== Prompt ==
Each line of the data below goes into the copy exactly; pictures do not.

== Source material ==

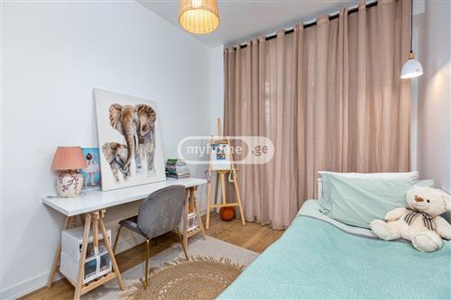 4-room Czech apartment for sale, with 2 bright bedrooms, on Bakradze Street. The apartment is very close to the avenue and at the same time in a quiet area, surrounded by greenery. Fenced yard, secured and children s playground, 24-hour market. The apartment has an extension and in addition to the 2 bedrooms there is a large living room that can be converted into a third bedroom. There is also a wardrobe corner. The apartment has security (alarm). Only built-in furniture and appliances remain in the apartment. The price is $149,000
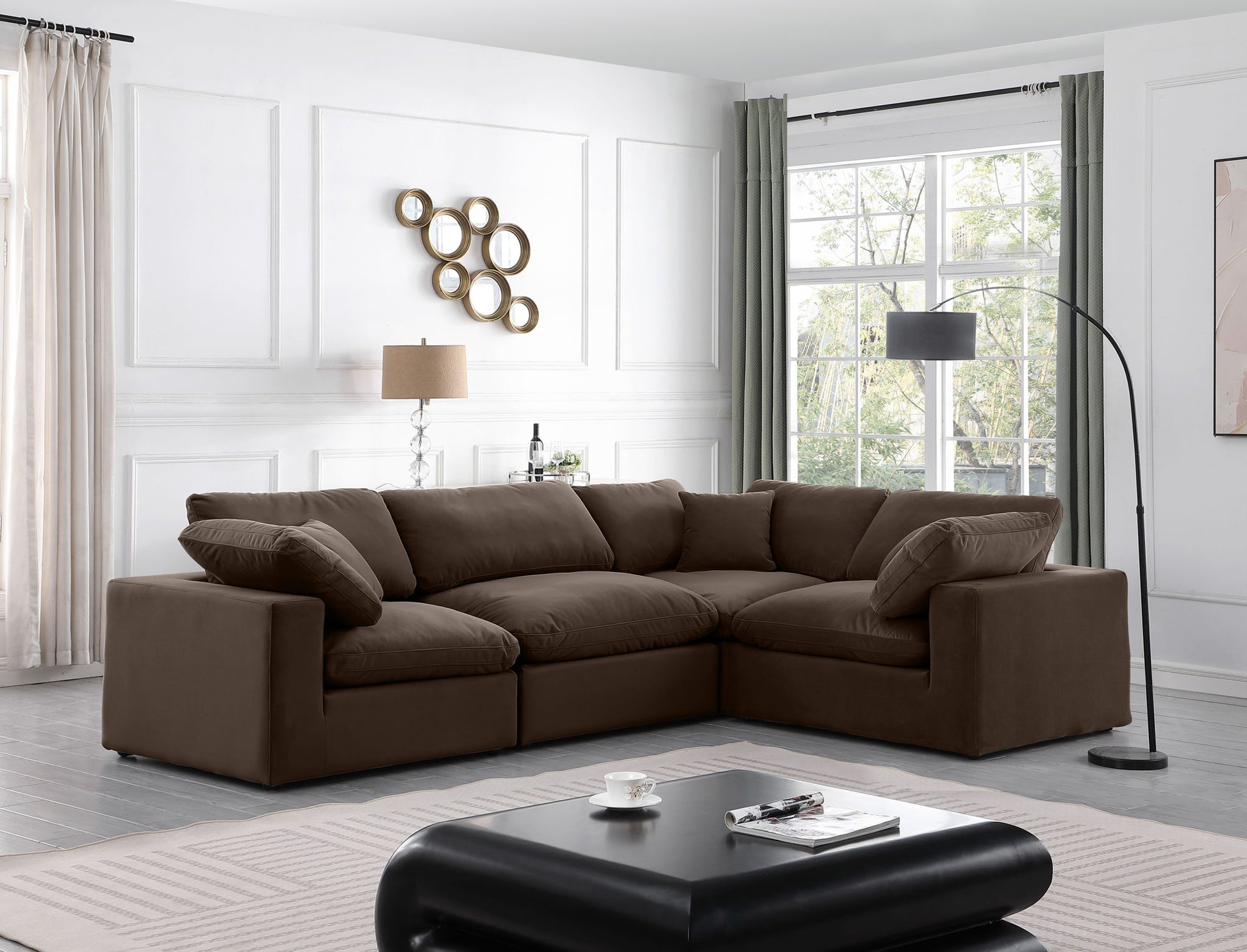Comfy - 4 Piece Velvet Modular Sectional - Dark Brown
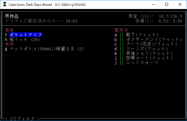 wikiの『初心者ガイド』→『初日を生き延びるために』を参考にして色々と試してみよう。『i』を押して持ち物を確認します。wikiに書かれているとおりポケットナイフ、紙マッチ、綺麗な水がありました。

== Task solution ==
 4-room Czech apartment for sale, with 2 bright bedrooms, on Bakradze Street. The apartment is very close to the avenue and at the same time in a quiet area, surrounded by greenery. Fenced yard, secured and children s playground, 24-hour market. The apartment has an extension and in addition to the 2 bedrooms there is a large living room that can be converted into a third bedroom. There is also a wardrobe corner. The apartment has security (alarm). Only built-in furniture and appliances remain in the apartment. The price is $149,000
Comfy - 4 Piece Velvet Modular Sectional - Dark Brown
 wikiの『初心者ガイド』→『初日を生き延びるために』を参考にして色々と試してみよう。『i』を押して持ち物を確認します。wikiに書かれているとおりポケットナイフ、紙マッチ、綺麗な水がありました。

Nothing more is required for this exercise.